Who is your target audience? I am continually surprised at how many authors have trouble answering this question. So many authors have a burning to write a book, yet they fail to identify whom they are writing their book for.

“Everyone” is not a target audience. Neither is “all Christians.” Your target audience is the group of people who will benefit the most from what you have to say. Maybe it’s those Christians who want to start seeing answers to their prayers. Maybe it’s single moms who are weary of fighting the parenting battle alone.

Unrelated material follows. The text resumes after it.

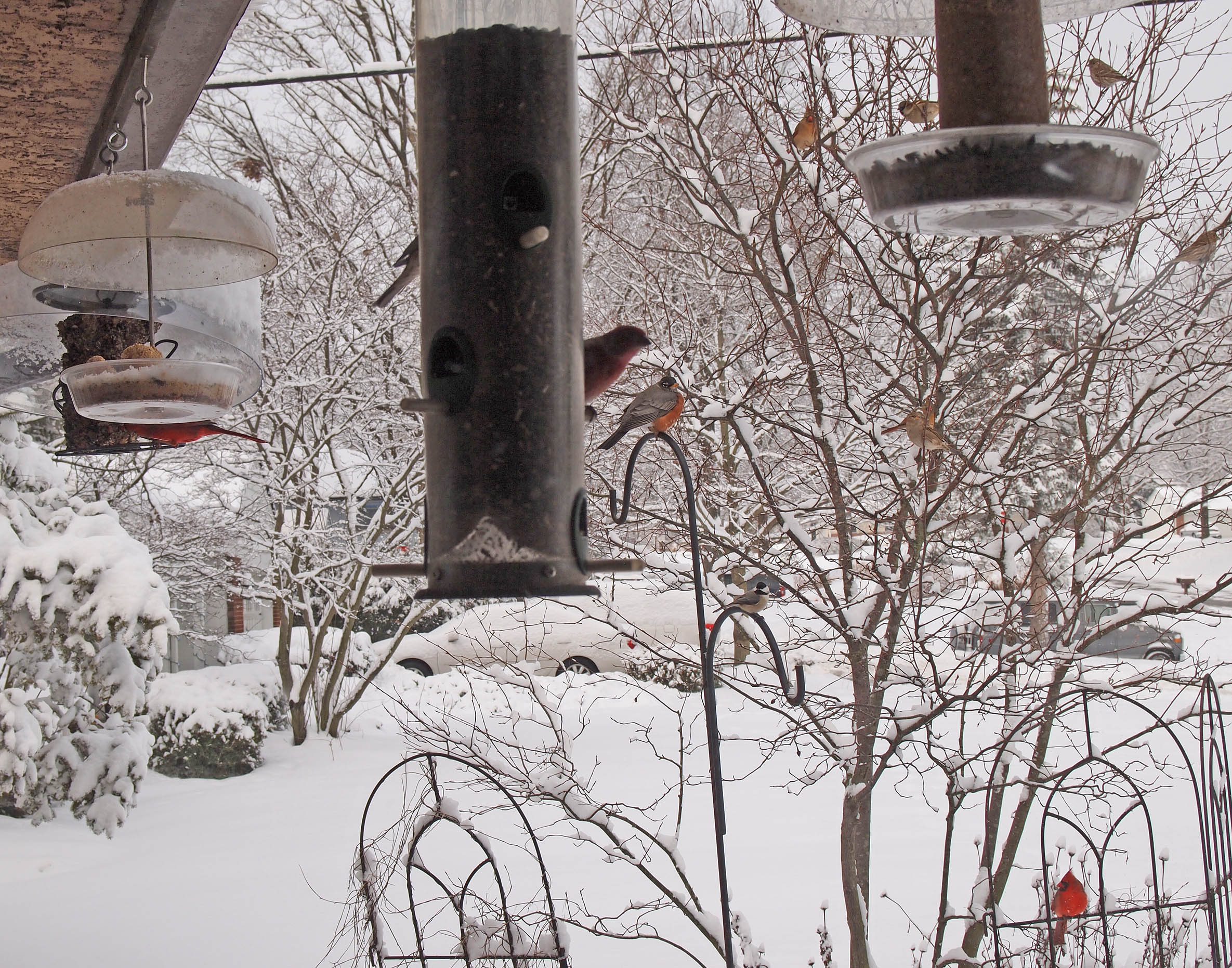 From the birds: We have enjoyed the seed cones and suet you have placed outside. The new spicy seeds and suet are epicurean delights.

Knowing your target audience not only makes your writing stronger and clearer, it helps you market your book effectively to this group of people. When considering their target audience, authors and publishers should look at things like:

  • Gender
  • Age
  • Economic status
  • Relationship status
  • Spiritual level or interest

If you are writing Christian books, then a subset of “Christians” is your primary target audience. A new study shines an interesting light on the ethnic diversity of this community in the United States.

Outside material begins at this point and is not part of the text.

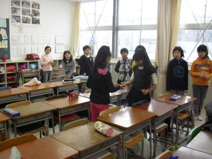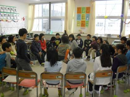 3年生と4年生の様子です。学年対抗でドンジャンケンをやっていたり、フルーツバスケットを楽しんでいます。年齢も近いので、まるで一つのクラスのようです。爽やかな時間を過ごしています。
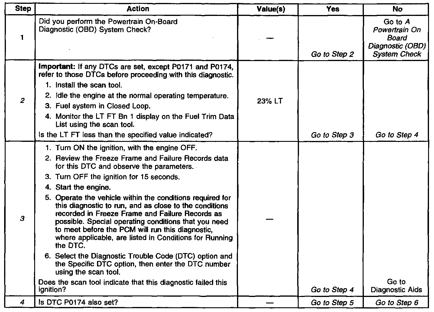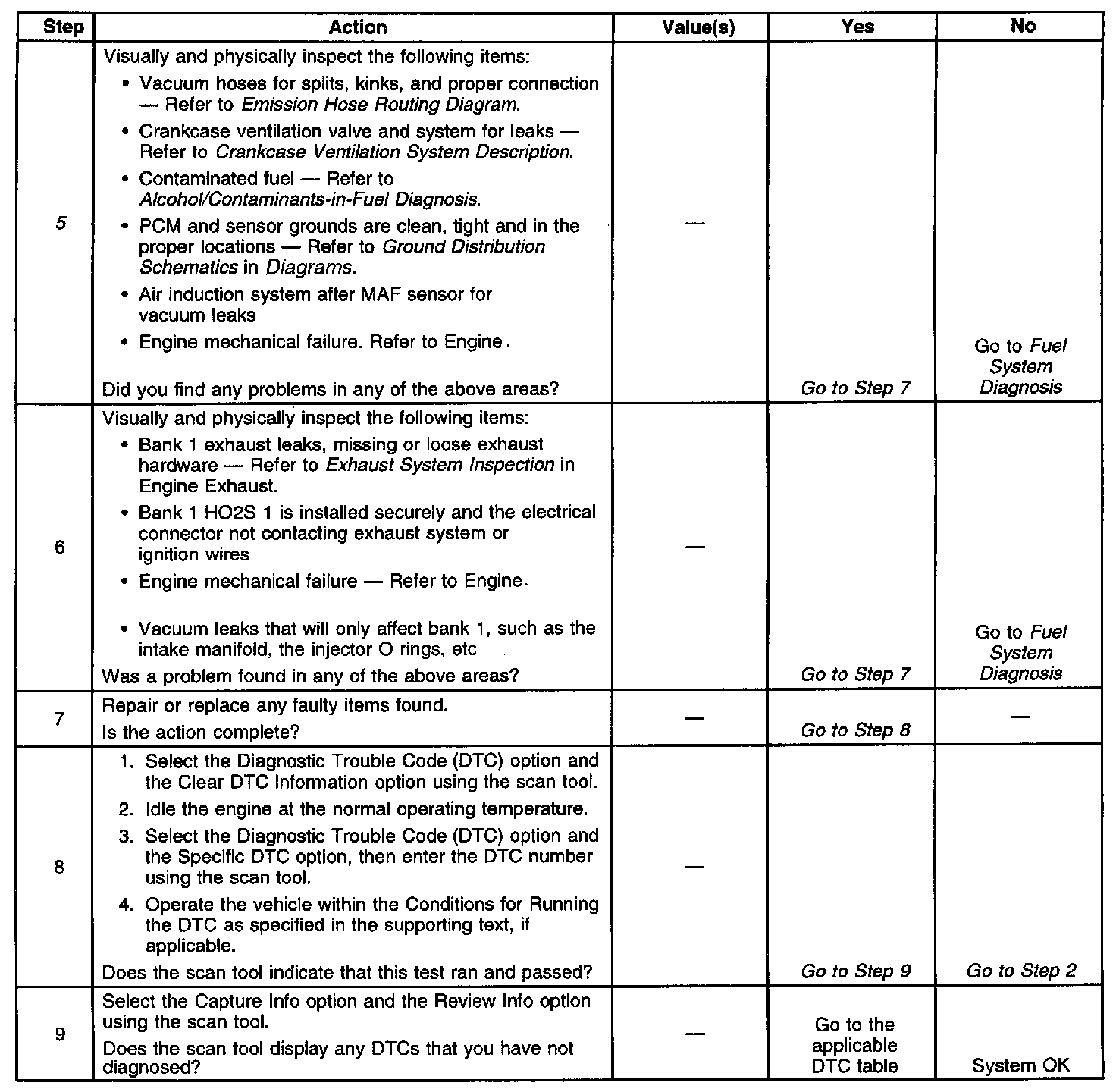 ^ A fuel delivery malfunction causes this DTC to set. Thoroughly inspect all items that cause a lean condition.

A recent report by the Public Religion Research Institute (PRRI) states “The American religious landscape has undergone dramatic changes in the last decade, and is more diverse today than at any time since modern sociological measurements began.” In fact, the organization’s 2016 American Values Atlas found that one-third of all Evangelical Protestants in America are people of color.

About a quarter of Americans (26%) self-identify as evangelical. Around two-thirds of these evangelicals are white (64%), while 19 percent are Black, and 10 percent are Hispanic, and the remaining 6 percent are Asian, mixed race, or other ethnicity.
Interestingly, the study found that half of evangelicals under 30 years old are nonwhite (50%). So, younger generations of evangelicals are even more ethnically diverse than the population taken as a whole.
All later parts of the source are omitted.